| How do we know that the remedy
is working, namely that a cure is taking place? This is the question
that rightfully occupies each practitioner.
Dr. Hahnemann gives us some
guidance for how to determine whether cure is taking place in terms
of the expansive (improvement) and contractive (worsening)
aspects of the patient that can be discerned (which requires
some supersensible knowing) by the knowing physician.
§253.1. Among the signs
which show a small beginning of improvement or aggravation (not visible
to everyone) in all diseases, especially the rapidly arising (acute)
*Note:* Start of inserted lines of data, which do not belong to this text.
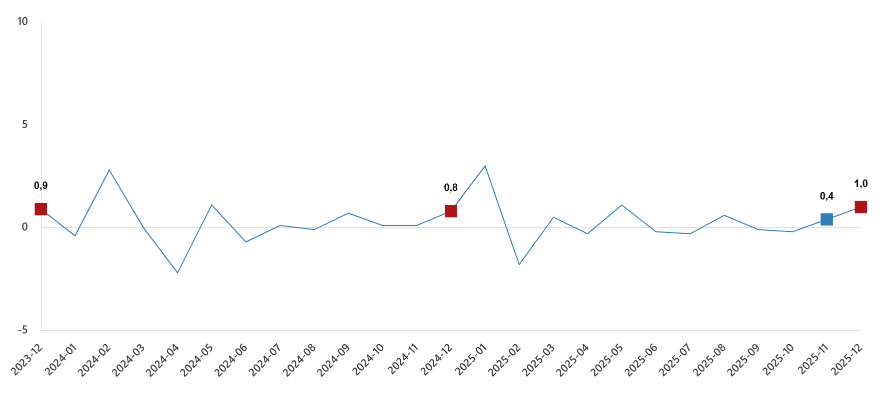 Hizmet üretim endeksi aylık değişim oranı (%), Aralık 2025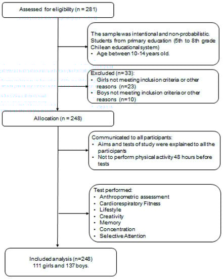 Children’s lifestyle (i.e., diet, PA, etc.) has commonly been studied in the context of health [22]. However, it is reasonable to expect that lifestyle factors are intertwined with cognition and learning processes in children [23]. For example, Kim et al. reported a positive association between school performance and dietary habits [24]. Healthy diet habits (i.e., breakfast consumption), for example, may improve cognitive function and test grades [25]. However, little is known regarding the associations of nutrition with components of executive function in adolescence [26], especially among Chilean schoolchildren. It is important to consider that a Chilean national study of physical education focused on physical condition and anthropometric parameters showed that 70% of students need to improve their CRF [27]. Additionally, in Chile, a high prevalence of children with overweight and obesity have been reported (approximately 44% of students at the age of 13 years old) [28]. Therefore, it is considered a public health problem [22]. In this line, it is important to evaluate the association between CFR and nutritional status with executive function, particularly in Chilean schoolchildren. Likewise, to the best of our knowledge, no other study has explored the association of creativity and memory with CRF, lifestyle, and anthropometric parameters in Chilean schoolchildren. The objective of the present study was to determine the association between creativity and memory with CRF (i.e., CFR classification and O2max), lifestyle parameters (i.e., PA, screen time, sleep duration, and food habits), and anthropometric measures (i.e., body mass index and waist circumference) among Chilean schoolchildren. A secondary aim was to compare creativity, memory, concentration, and selective attention according to CRF levels (i.e., high and low) and nutritional status.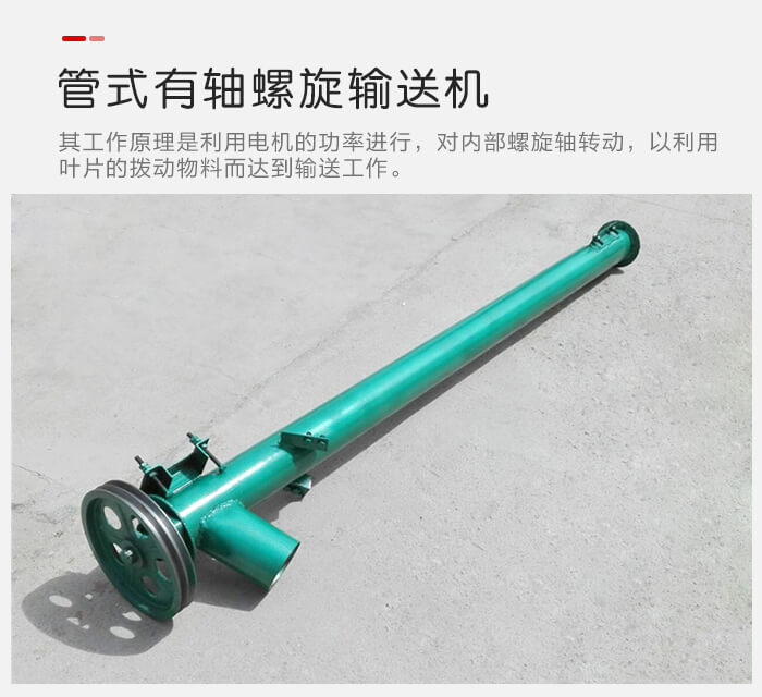 管式有軸螺旋輸送機其,工作原理是利用電機的功率進行,對內(nèi)部螺旋軸轉(zhuǎn)動,以利用葉片的撥動物料而達到輸送工作。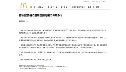 日本マクドナルドは7月19日から、都心部に立地する「マクドナルド」184店舗において、適用価格を見直す。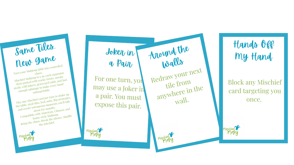 Mischief Mahj kicked off with a simple idea: blending perfection with a sprinkle of fun. Born amidst the tiles of a lively monthly mahjong bash, we were ready to inject some extra pizzazz. Our mission? Honor the game's roots while serving up a quirky and spirited spin.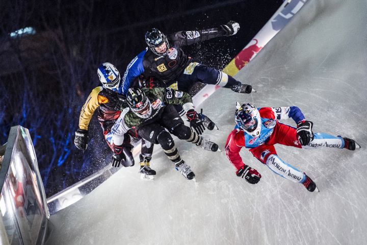 The Ice Cross Downhill World Championship Finale sees athletes on ice skates race down a track made of ice. Racers can reach speeds of over 60 kilometres per hour.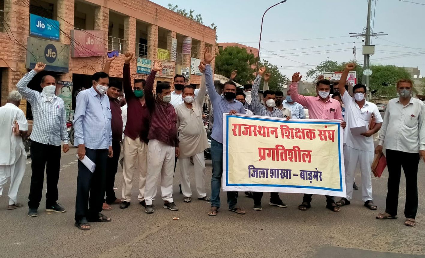 बाड़मेर. राजस्थान शिक्षक संघ प्रगतिशील के जिला शाखा के शिष्ठमंडल ने प्रदेशव्यापी आंदोलन के द्वितीय चरण के तहत आठ सूत्रीय मांगों को लेकर मुख्यमंत्री और शिक्षामंत्री के नाम सोमवार को जिला कलक्टर को ज्ञापन दिया। इस दौरान एक अन्य ज्ञापन प्रधानमंत्री के नाम देकर शिक्षकों एवं कर्मचारियों के महंगाई भत्ते की बकाया तीन किश्तें जारी करने की मांग की।

diseases, the state of mind [Gemüt] and of the
entire behavior of the patient is the surest and most enlightening.
§253.2. In the case of
an ever-so-slight beginning of improvement -- a greater comfort,
an increasing composure, freedom of spirit, increased courage,
a kind of returning naturalness.
§253.3. But in the case
of an ever-so-small beginning of aggravation -- a more self-conscious, helpless
state of mind [Gemüt], of the spirit, of the whole
behavior, and of all attitudes, positions and actions,
drawing more pity to itself, which [state] allows itself with exact
attentiveness to be easily seen or shown but not to be [easily]
described in words.
Hahnemann also spoke of the
disease proceeding from the less to the more noble organs, a hierarchical
observation based on the structural functions of living organisms.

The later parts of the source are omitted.